An example of usage for this program is as follows:
%java BMSearch table.txt MobyDick. txt
which would produce no output if table. txt was constructed for "kokako" because that word does notl appear in Moby Dick, but should produce four lines from Moby Dick if the table had been constructedl for "gull".
Submission: Submission is done electronically via Moodle in the same was a previous assignments. l Student names and IDs should be in the header comments of all source code as appropriate (i. e. ifl you worked on it, your name should be listed as an author; and if you didn't, then it shouldn't) andl any ideas borrowed from online sources must be appropriately cited (i.e. what was obtained froml where and when), although it is expected that the entire solution can be developed from scratchl based solely upon our course materials/lectures.
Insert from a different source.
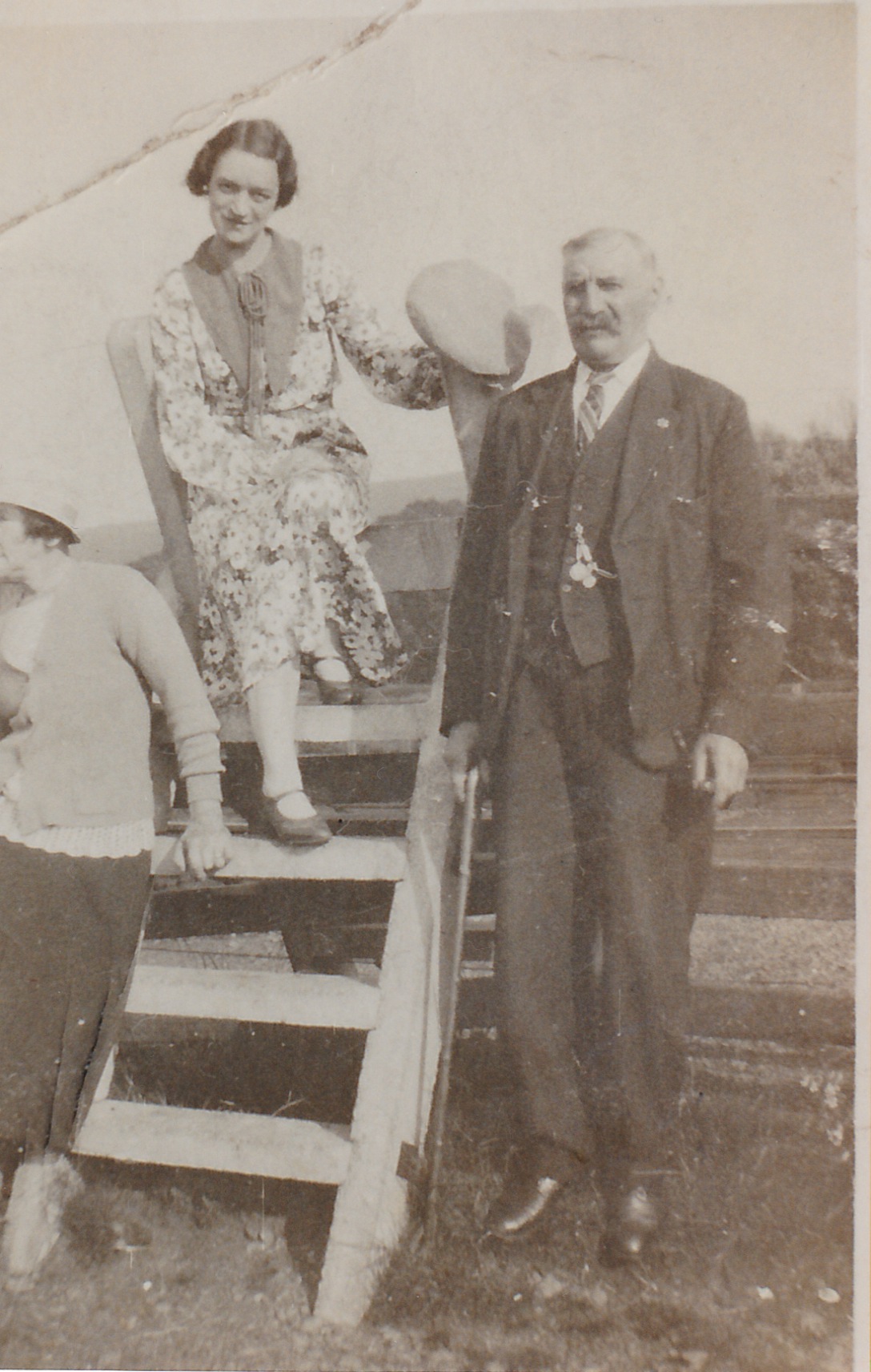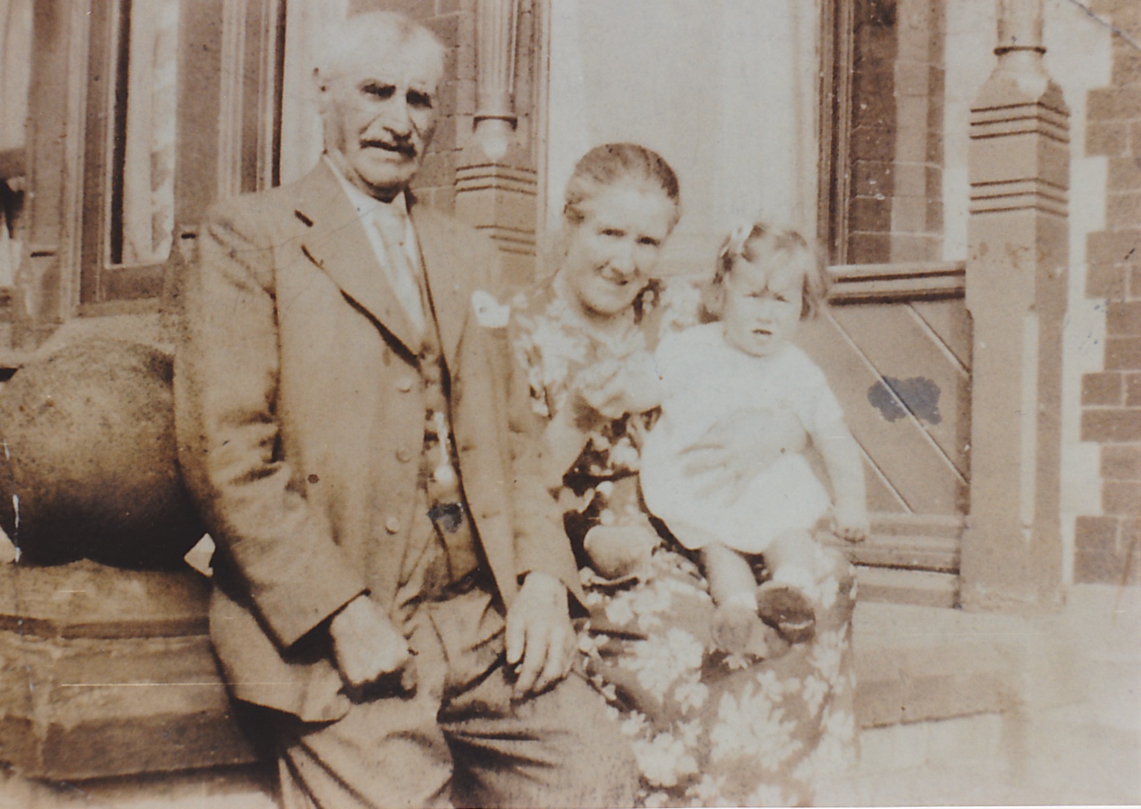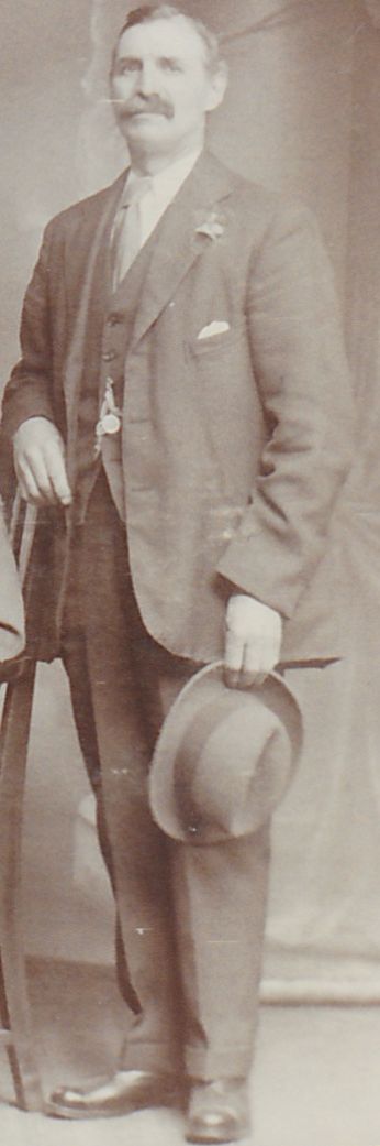Herbert Harold Parsonage was born on 23 March 1872 at Broxton, Cheshire. He appeared on the 1881 Census in Broxton, Cheshire, and Henry Caldicott, Caroline (?), Samuel Caldicott and Frederick John Parsonage were living in the same household; Henry Caldicott was a farmer, aged 75 years at the time, Caroline was his wife and Samuel was his brother. Henry Caldicott described Herbert and Frederick as his grandsons, although this is not likely to be strictly correct. It appears that the boys' mother had died in 1875 and their father was living alone in Yorkshire. He lived with a Mr & Mrs Ashton at the Manor House, Tarporley, Cheshire and was brought up by them according to Lillian Dean. This may have been after the death of Henry Caldicott. Herbert Harold Parsonage appeared on the 1891 Census in, Nantwich, Cheshire, ; Herbert was described as a farm servant and was living with a farming family by the name Gregory. Herbert Harold Parsonage married Esther Ann Morris, daughter of Oliver Morris and Emily White, on 14 March 1896 at Holy Trinity, Hulme, Manchester, Lancashire, and the ceremony was witnessed by William Buxton Rogers and Fanny Gill; the marriage certificate shows Herbert and Esther were both living at 64 Dale Street, Hulme at the time and that Herbert was a forgeman. Herbert Harold Parsonage appeared on the 1901 Census in 3 Armstrong Street, Horwich, Bolton, Lancashire, and Esther Ann Morris, Agnes Ada Parsonage and Edith Emily Parsonage were living in the same household; Herbert was described as a Gasmaker at Railway Engine Works. There were two lodgers also living with the family. Herbert Harold Parsonage appeared on the 1911 Census in, St Helens, Lancashire, , and Esther Ann Parsonage, Agnes Ada Parsonage, Edith Emily Parsonage, Oliver Parsonage and Eric Parsonage were living in the same household; Herbert was described as a Gas Maker at the Lead Smelting Company, and there were two lodgers James Taylor and John Ashton. The census record shows that there were 10 children that had been born alive and just four of them living at the time. There were 8 persons in the house sharing four rooms which included any kitchen. He was living at 65 Peter Street, St Helens at the time of William Henry's birth and his occupation was a gas maker at the Lead Works. On 8 September 1925 at Horwich, Bolton, Lancashire, Herbert Harold Parsonage was a railway pumpman. He lived on 26 October 1925 at 9 Oldham Street, Bolton, Lancashire; and was still living there in 1927 when his daughter Edith was married. He may also have lived at 226 Deane Road, Bolton at some time as this address is on the rear of an old photograph ( in the possession of Barbara Jager). On 1 March 1927 Herbert Harold Parsonage was a labourer. Barbara Jager-Smith recalls Herbert took a light job when he moved from Bolton to Prestatyn about 1935. She believes he worked at the station possibly something to do with the water tower as he took the kids up it when they visited. He used to caddy on the local golf course and liked to pick up bargains at house sales. He had old bibles and bound copies of Victorian magazines that he had bought. Herbert's house was called Cartref, No. 87 Carodoc Rd (the first house they lived at before Albert Terrace). There was no running water except a cold tap outside, there was gas lighting and the toilet was a hole in a piece of wood over a drain. Herbert was a keen gardener, growing vegetables and flowers. He married Annie Davies in 1940. Herbert Harold Parsonage died on 8 June 1943 at Prestatyn, Flintshire, at age 71. He was buried in June 1943 at Coed Bell Cemetary, Gronant, Prestatyn, Flintshire; His grandson David Parsonage remembers that Herbert died at Prestatyn and David went with his sister Irene to the funeral at Gronnant cemetary. While they were there he recalls the small railway terraces where Herbert lived and that he thought it odd as a child that the back garden was actually across the other side of the back street through a gate. This may have been 7 Albert Terrace, Prestatyn, where Herbert was certainly living in 1939 when his wife Esther died. Herbert was also commemorated on the grave of his wife, Esther and their daughter Edith in Warton Cemetary.

Be sure all your code compiles and runs as expected on R Block linux lab machines!!
Place copies of only your source code (i.e. .java files) and an optional README. txt in an otherwise empty directory whose name is your two student ID numbers separated by an underscore. No compiledl code, no test files.. just the source code and whatever you want to say in the README. Only onel partner needs to upload the folder by the due date, and the other partner should check that thel upload was successful. This may take a little communication.
版权所有:编程辅导网 2021 All Rights Reserved 联系方式:QQ:99515681 微信:codinghelp 电子信箱:99515681@qq.com
免责声明:本站部分内容从网络整理而来,只供参考!如有版权问题可联系本站删除。